Connected input/output processing structure: Because the request may arrive at any time, the Web server constantly observes that there are no new Web requests

Single-threaded Web server: Only one request is processed at a time, the next connection is processed, but other connections are ignored during processing, which can cause serious performance problems.
Multi-process and multi-threaded Web servers: can be created as needed or reserved for some threads/processes beforehand
Multiplexing I/O servers: In a multiplexed structure, you need to monitor the activity on all connections, and when the state changes, the link is processed in small amounts; after processing is complete, return to the open list and wait for the next state change.
Multiplexed multithreaded Web servers: Combining multithreading with multiplexing to take advantage of multiple CPUs on a computer platform

Processing requests: Once the Web server receives the request, it can process the request based on the method, resource, header, and optional body part
Mapping and access to resources: Web servers are resource servers responsible for sending pre-created content, such as HTML pages, JPEG images, and dynamic content generated by resource generators running on the server

The file system of the Docroot:web server will have a dedicated folder for Web content, called the root of the document, where the Docroot,web server obtains the URI from the request message and attaches it to the back of the document root directory.
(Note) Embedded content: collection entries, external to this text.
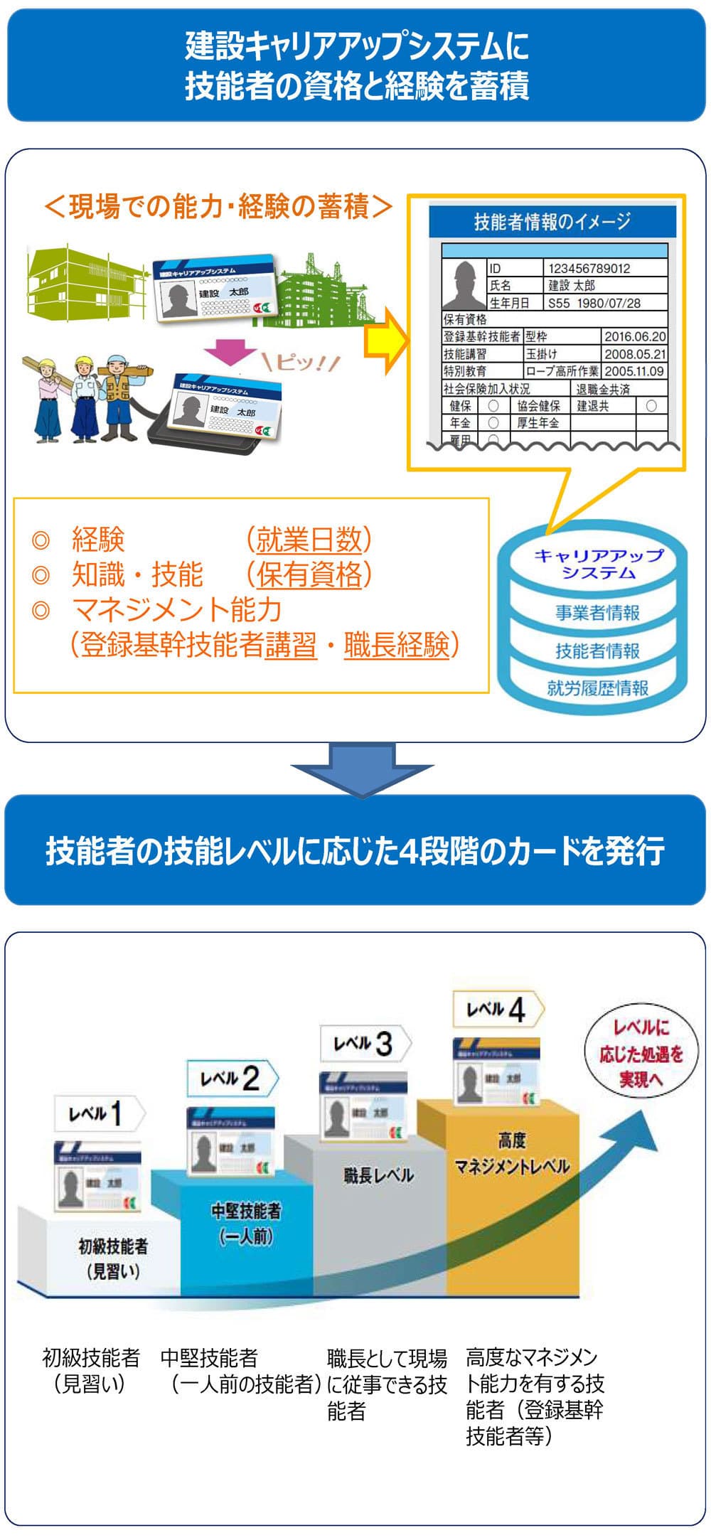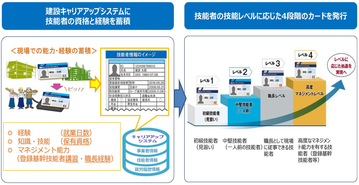 技能者1人ひとりの就業日数や保有資格、研修受講、表彰などの履歴を登録・蓄積し「見える化」する仕組みです。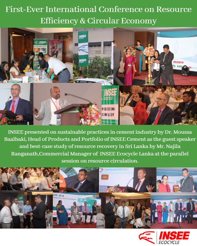 INSEE presented at the first-ever International Conference on Resource Efficiency & Circular Economy as a responsible corporate contributing to a circular economy focusing on sustainable practices in cement industry by Dr.Moussa Baalbaki, Head of Products and Portfolio of INSEE Cement as the guest speaker and best-case study of resource recovery in Sri Lanka by Mr.Najila Ranganath, Commercial Manager of INSEE Ecocycle Lanka at the parallel session on resource circulation.
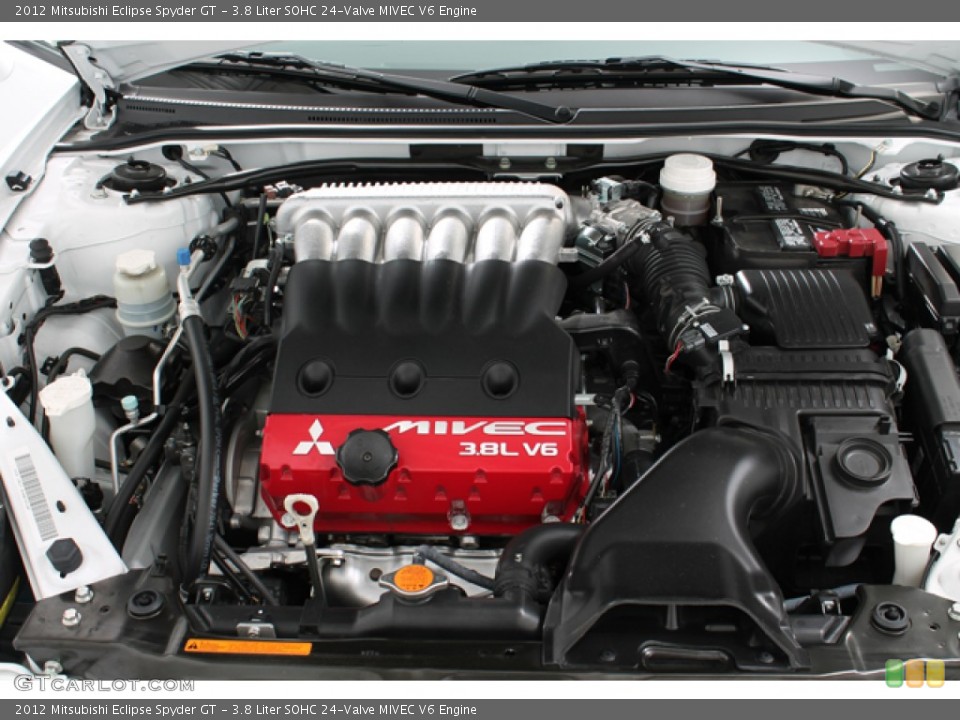 Eclipse coupes and convertibles are powered by one of two engines – a 162-horsepower 4-cylinder or a 265-horsepower V6. The V6 is only available in GT models and is linked to a 5-speed automatic transmission with manual shifting mode. The V6 requires premium gasoline, while the 4-cylinder engines can run on regular. Other than the 5-speed manual in the base version of the Eclipse coupe, the rest of the 4-cylinder models use an antiquated 4-speed automatic. All Eclipse models are front-wheel-drive.2012 Mitsubishi Eclipse GS, GS Sport, SE2.4-liter inline-4162 horsepower @ 6,000 rpm162 lb-ft of torque @ 4,000 rpmEPA city/highway fuel economy: 20/28 mpg (Coupe), 20/27 mpg (Spyder)2012 Mitsubishi Eclipse GT3.8-liter V6265 horsepower @ 5,750 rpm262 lb-ft of torque @ 4,500 rpmEPA city/highway fuel economy: 17/25 mpg (Coupe), 16/24 mpg (Spyder)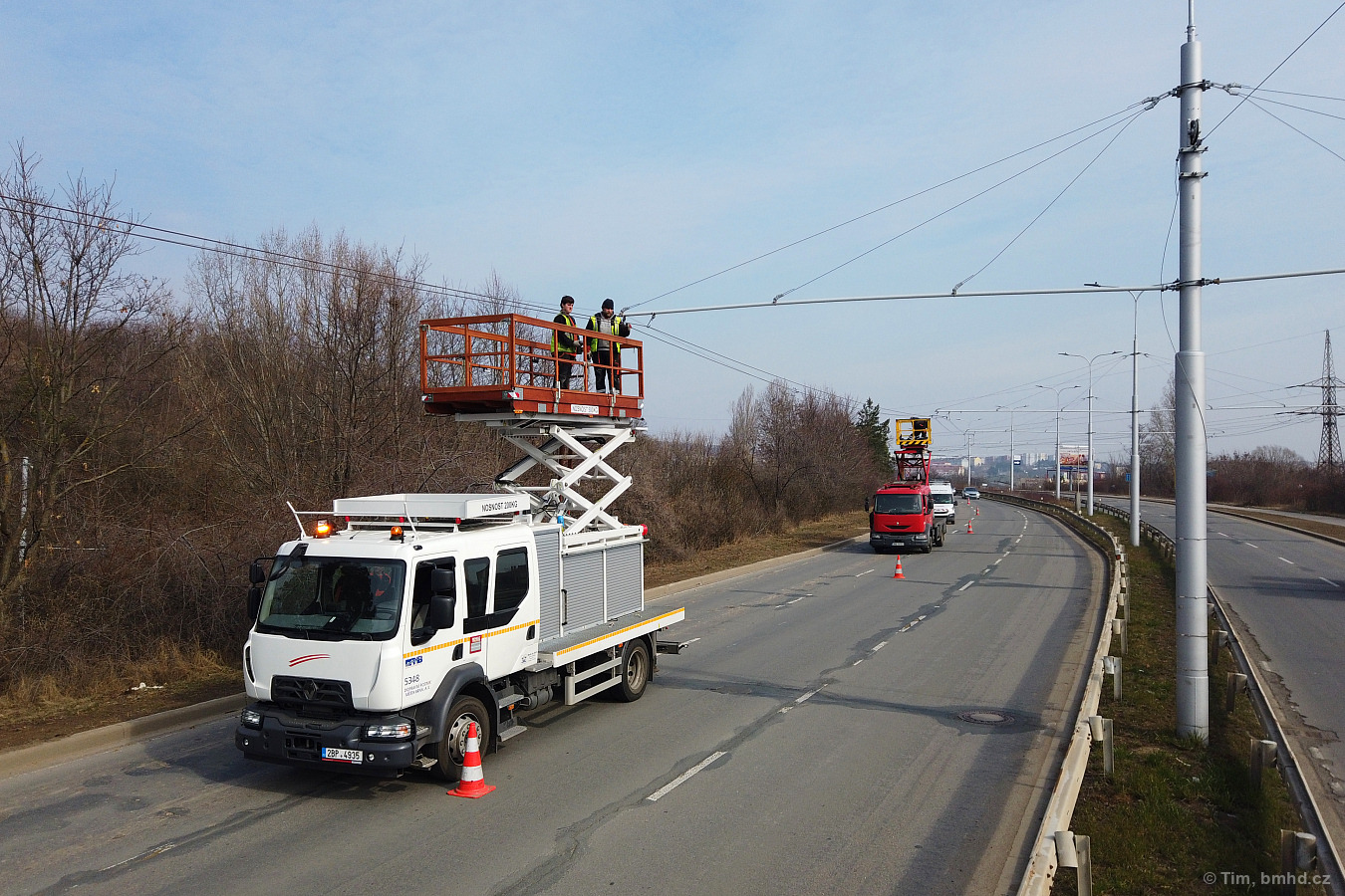 Montážní práce na manipulační trolejbusové trati Jedovnická - Bělohorská
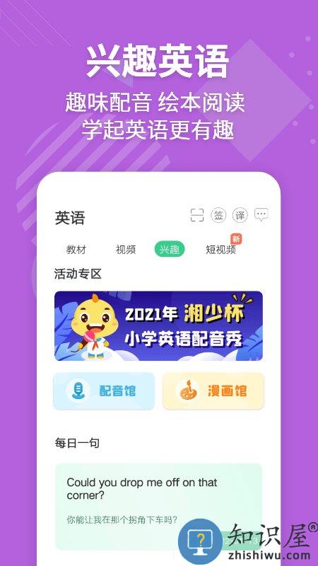 每日一句、英汉互译、英语故事、绘本动画等栏目为学生们提供更多学习资源。

The Apache server can add documentroot/usr/local/httpd/files as the root directory in the httpd.conf file, but cannot leave the relative URL out of the docroot, such as http:// www.yf403.cn/. /Is not allowed

Virtual managed Docroot: You need to configure a virtualhost block for each virtual Web site, and each virtual server contains DocumentRoot
User's home directory Docroot

Directory list: The Web server can accept requests for a directory URL, and its path can be resolved to a directory. Most servers go back and look for index.html to indicate the default directory. Apache can be set DirectoryIndex to configure the default directory file used by the file name collection, you can use the Apache Directive "options-indexes" to prevent the automatic generation of directory index files
Mapping of dynamic Content resources: The Web server can also map URIs to dynamic resources and map to programs that dynamically generate content on demand.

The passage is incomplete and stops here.